The Triumph of Failure - Ireland 1916; How 800 years of British rule led to violent rebellion

Michael Enright explains how the Easter Rising of 1916 came after centuries of Irish discontent with British domination. And why, even though it failed - the rebels were defeated, their leaders executed - it succeeded in the end. Ireland would finally become an independent republic in 1949.
Soldiers inspect the interior of Dublin's General Post Office, viewing the complete destruction of the building after being shelled by the British during the Easter Rising 1916. (Getty Images)

The shooting began shortly after one in the afternoon of Easter Monday, April 24, 1916. The first to die - a 19-year-old Irish nurse named Margaret Keogh. She was shot by a British sniper as she tended to a wounded rebel. By the time the fighting ended that Saturday, 485 people had been killed.
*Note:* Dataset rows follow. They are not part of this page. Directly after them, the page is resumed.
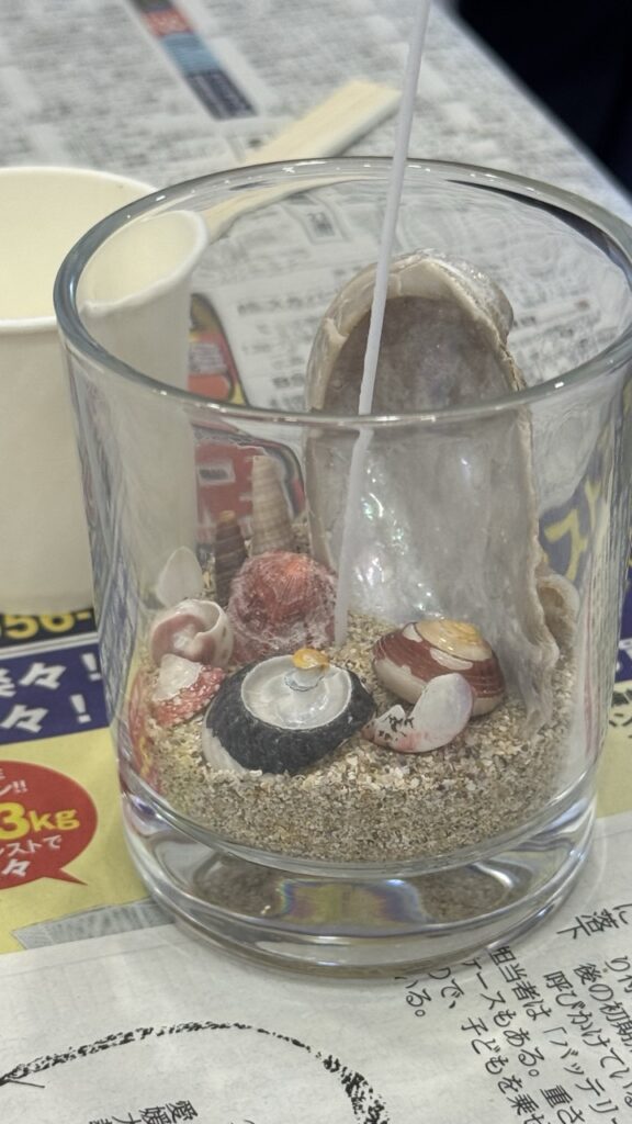 先日大浜海水浴場で壱岐高生が貝殻と砂を採掘した物をガラス容器に入れカラフルなゼリーロウを流し込みそれぞれ個性溢れる壱岐の海を思い出せそうな、素敵なキャンドルが出来上がりました。
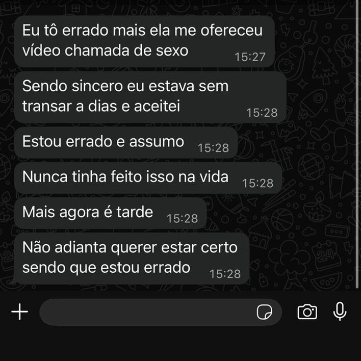 "Descobri que ele registrou um boletim de ocorrência, mas não houve extorsão. Foi para tentar invalidar o meu depoimento. Ele quer que o delegado pense que eu 'inventei' ou 'armei' a situação para ganhar dinheiro, o que é mentira, já que eu tem os registros de que buscava um emprego honesto", finaliza. Nas conversas, ele se justifica, dizendo que a mulher ofereceu vídeo por sexo.
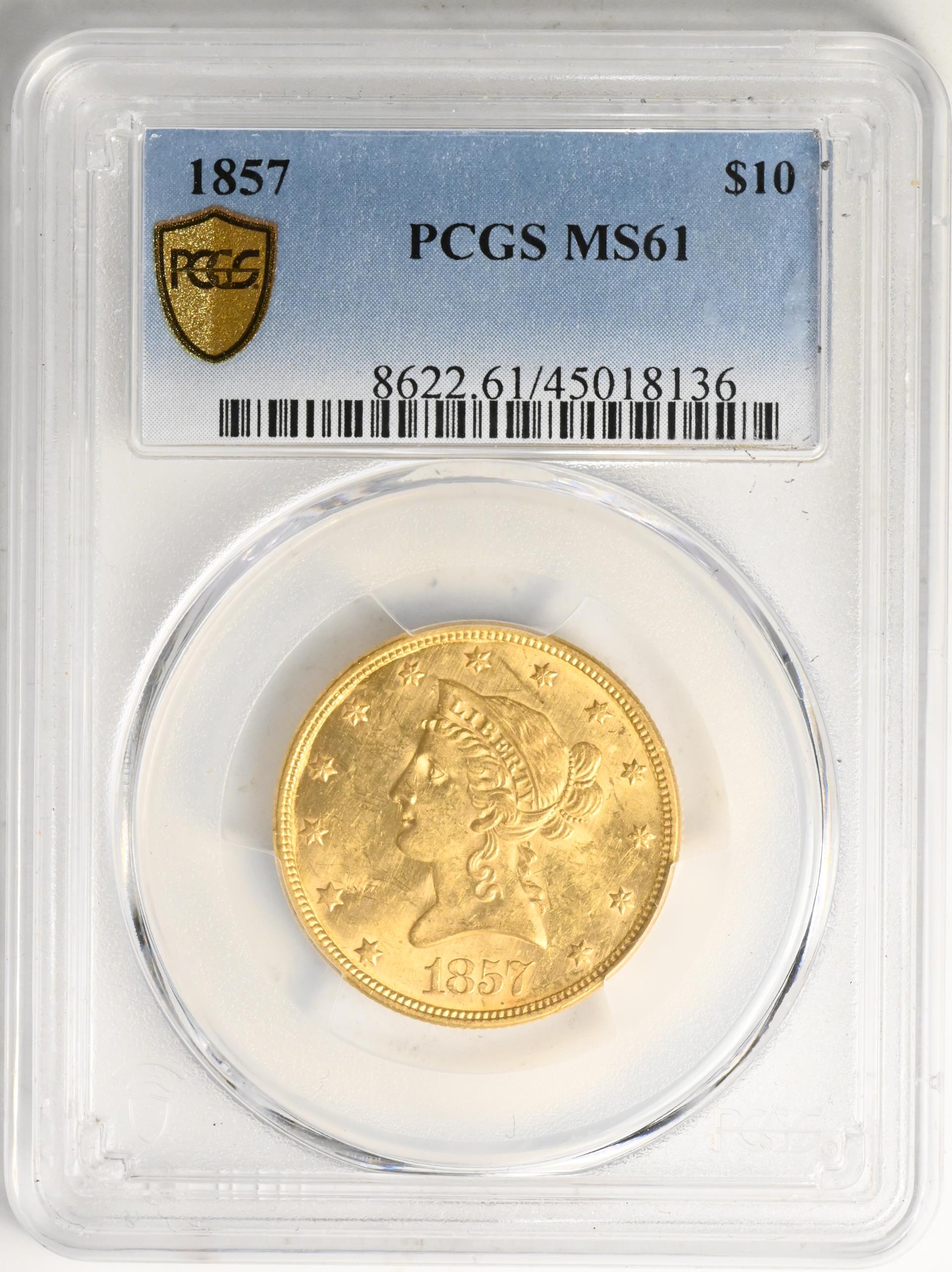 Struck in Philadelphia (no mintmark) every year of the series, No Motto eagles were also minted in New Orleans (O) from 1841 through 1860, and in San Francisco (S) from 1854 through 1866. About 5.3 million business strikes and 400 proofs were made, but unfortunately, few were preserved. Mintages were small and most survivors didn’t make it past the recall and meltings of the 1930s. As a result, it is difficult to find high grade specimens of any date in the series. There are no “common-dates” in uncirculated condition—every issue is rare, and only a handful even approach the grade of MS-65. Superb pieces occasionally appear, but almost exclusively in sales of the largest and most famous collections.
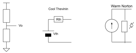 A voltage divider is made of two 1Ω resistors. Two black boxes are now made, one of which contains the Thevinin equivalent of the voltage divider, the other contains the Norton equivalent of the voltage divider. How would you correctly identify the content of the black-boxes? (This is a problem I have heard of; but I don't have a proper citation.)
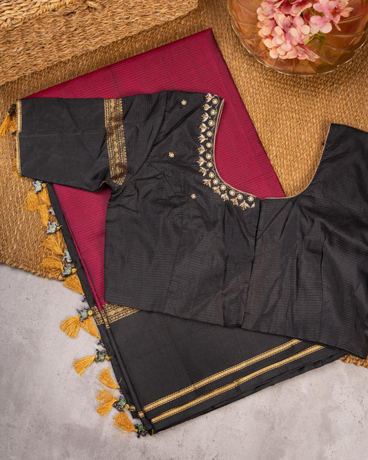 Wine Kanchipuram Silk Saree with Coffee brown Borders and Paisly woven Gold Zari Motifs | Blouse Size 38-44” | Free Shipping
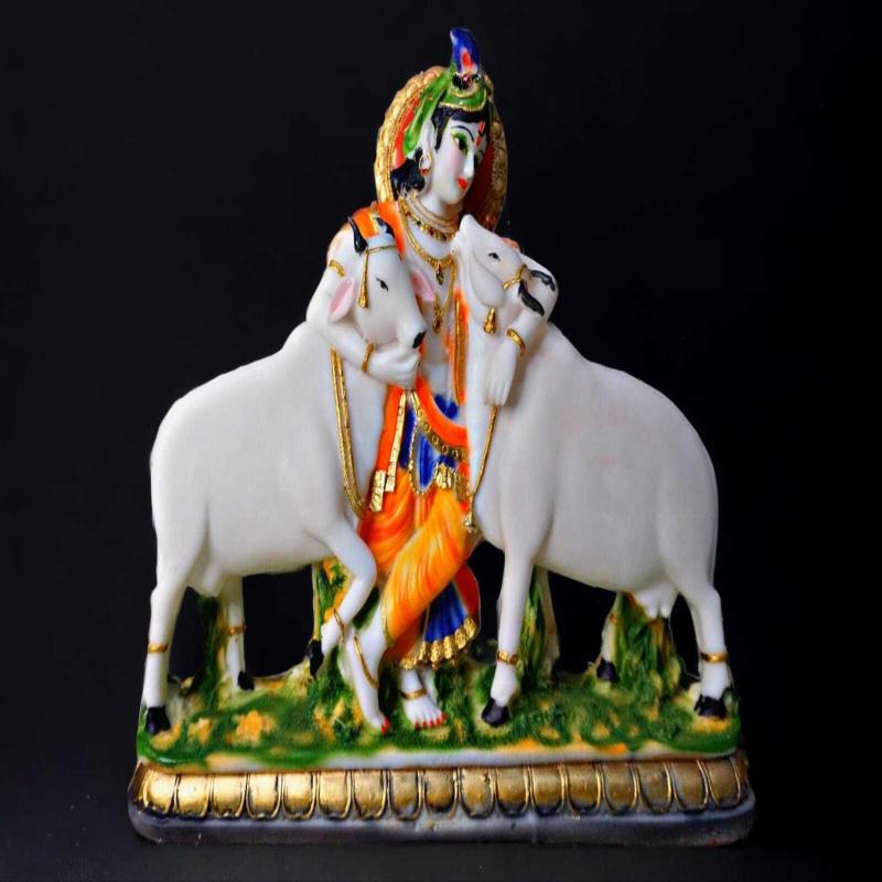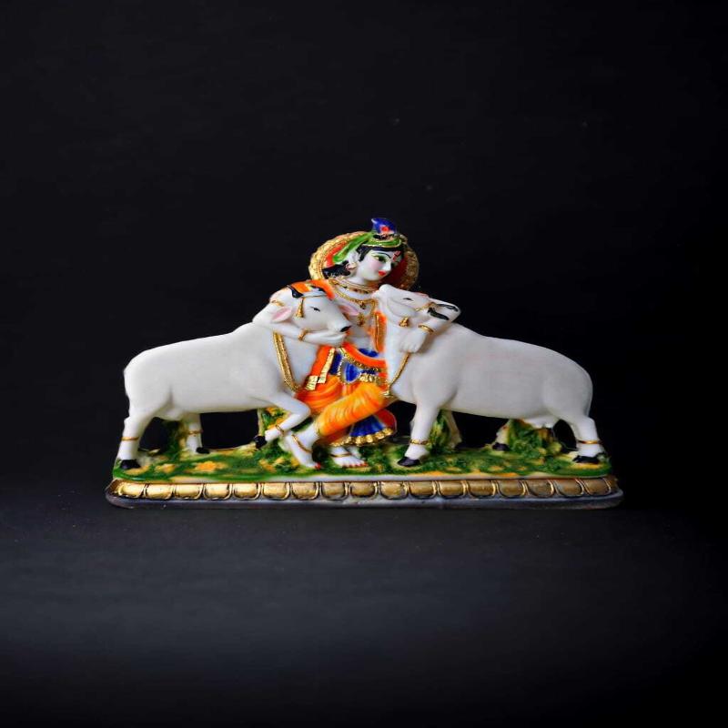 Bring home the divine charm of Lord Krishna with our beautifully crafted marble statue featuring Krishna with two cows. This exquisite piece captures the essence of Krishna's pastoral life, symbolizing love, compassion, and devotion. The fine craftsmanship and intricate detailing showcase the playful demeanor of Krishna, along with the grace of the cows, making it a perfect addition to your home altar or decorative space.
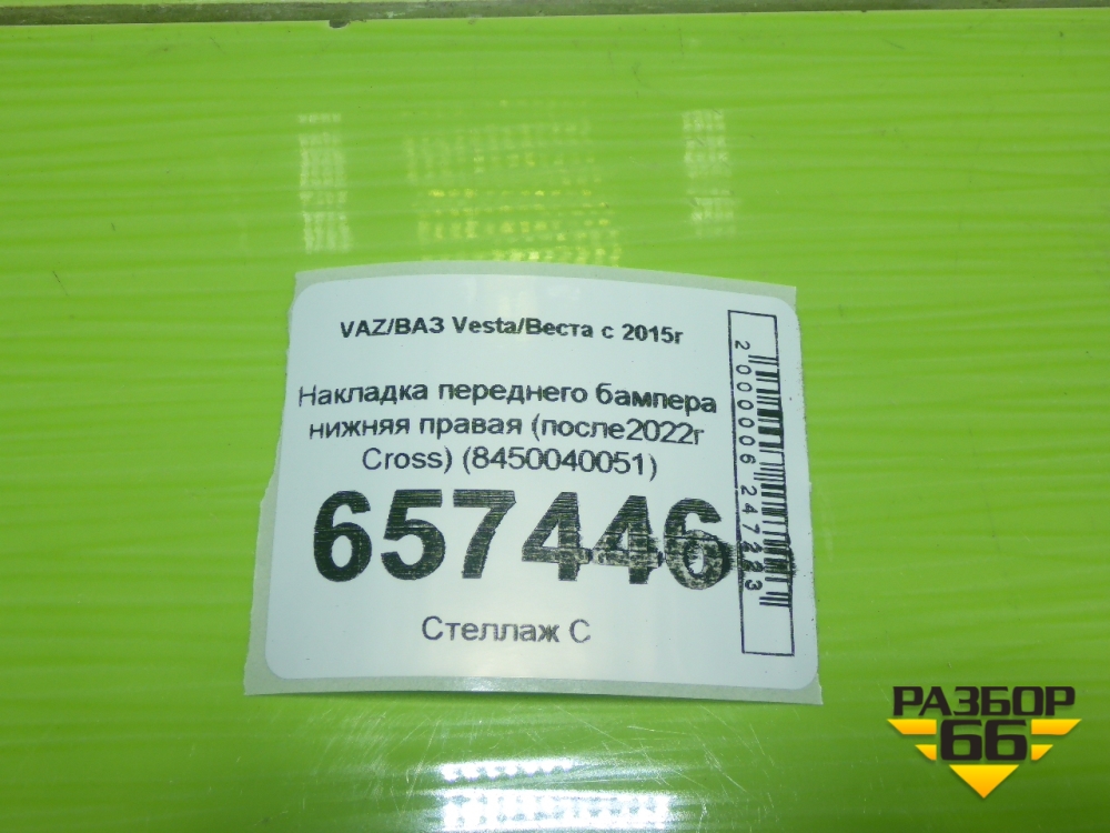 Накладка переднего бампера нижняя левая (после2022г Cross) (8450040051) для VAZ Vesta/Веста с 2015г в Екатеринбурге
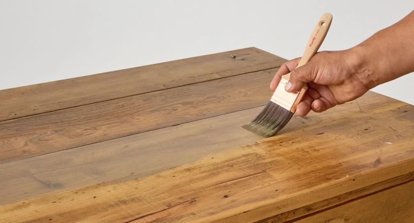 Applying stain in smooth, even strokes with the grain ensures rich, consistent color.

Most of the dead were civilians, including a number of children.

Irish Volunteers barricade Townsend Street, Dublin, to slow down the advance of troops during the Easter Rising. (Hulton Archive/Getty Images)
The Easter Rising in Dublin 100 years ago was a disaster if understood only as a failed military engagement. But in the century since, it has come to be remembered and celebrated as a moment of national sacrifice by a handful of doomed patriots who dared challenge the mightiest empire on earth. A rag-tag but disciplined citizen army of 1,200 against  20,000 seasoned English troops.
Initially, the majority of Dubliners in those early hours were uninterested or even unaware of the rebellion. Those who knew about it were incensed that their city centre lay in fiery ruins and looters prowled the downtown streets. It was only when the British army systematically and serially executed 16 rebel leaders after show trials that the country rose up in anger and rebellion. The Rising that Easter Monday led to the War of Independence against Britain and ultimately a fateful peace treaty and  home rule. The Easter Republic lasted barely a week. The real thing wouldn't come along until 1949. Had the British stayed their hand and let the rebels live, the Rising would likely have become yet another colourful and violent footnote in Ireland's colonial history.

Henry the Eighth made the island England's first colony. Over the next few centuries, Irish Catholics saw their civil and religious rights denied and were treated like serfs in their own land. The Irish tried several times to cast off the British yoke ... in 1798, with an aborted invasion by the French, and again in 1803. There was an attempted revolution in 1848. All ended in failure.

The potato famine of the 1840s inflamed Irish nationalism. A million people starved to death. A million more left Ireland, many of them immigrating to Canada. Irish men and women, both at home and in the Irish Diaspora, felt that Britain was not only indifferent to their plight, but actively supported the further oppression of a broken people. Secret nationalist societies sprang up, such as the Irish Republican Brotherhood and the Fenian Society, which promoted independence through violence. Scattered throughout the bloody pages of that history are the names of heroes like Daniel O'Connell and martyrs like Robert Emmett.

Late in the 19th Century, the Irish Parliamentary party worked at Westminster for Home Rule - long discussed by the British government. And discussed and discussed some more. The Rising of 1916 erupted against the backdrop of the First World War. England lost interest in Home Rule ... it wanted young Irish recruits to fight Kaiser Bill on the Western Front of Europe. At least 200,000 served. About 50,000 died for England's cause.

Ireland is a republic of the imagination, an island of mists and myths, fed and restored by the tide pools of its history. We have come here to Dublin to decode those myths and mysteries, unlock the true meaning of the Rising and to take the measure of Ireland 100 years on. Dublin a hundred years later struggles with all the tensions and turmoil of any modern Western metropolis. The city has soup kitchens and homeless people ... drugs and gangland shootings ... house prices beyond the reach of young people. And at the  core of its culture and its politics, the burden of its history.

In the next two hours, we will visit the sacred places of the Rising - the General Post Office where it began; Kilmainham Jail where the rebel leaders were executed; Glasnevin Cemetery where the patriots of other rebellions are buried. Whether it was a military fiasco or whether it pierced the 800-year darkness of British oppression, the Rising of Easter Week 1916 changed everything. Utterly.

In the words of Ireland's greatest poet, a terrible beauty was born.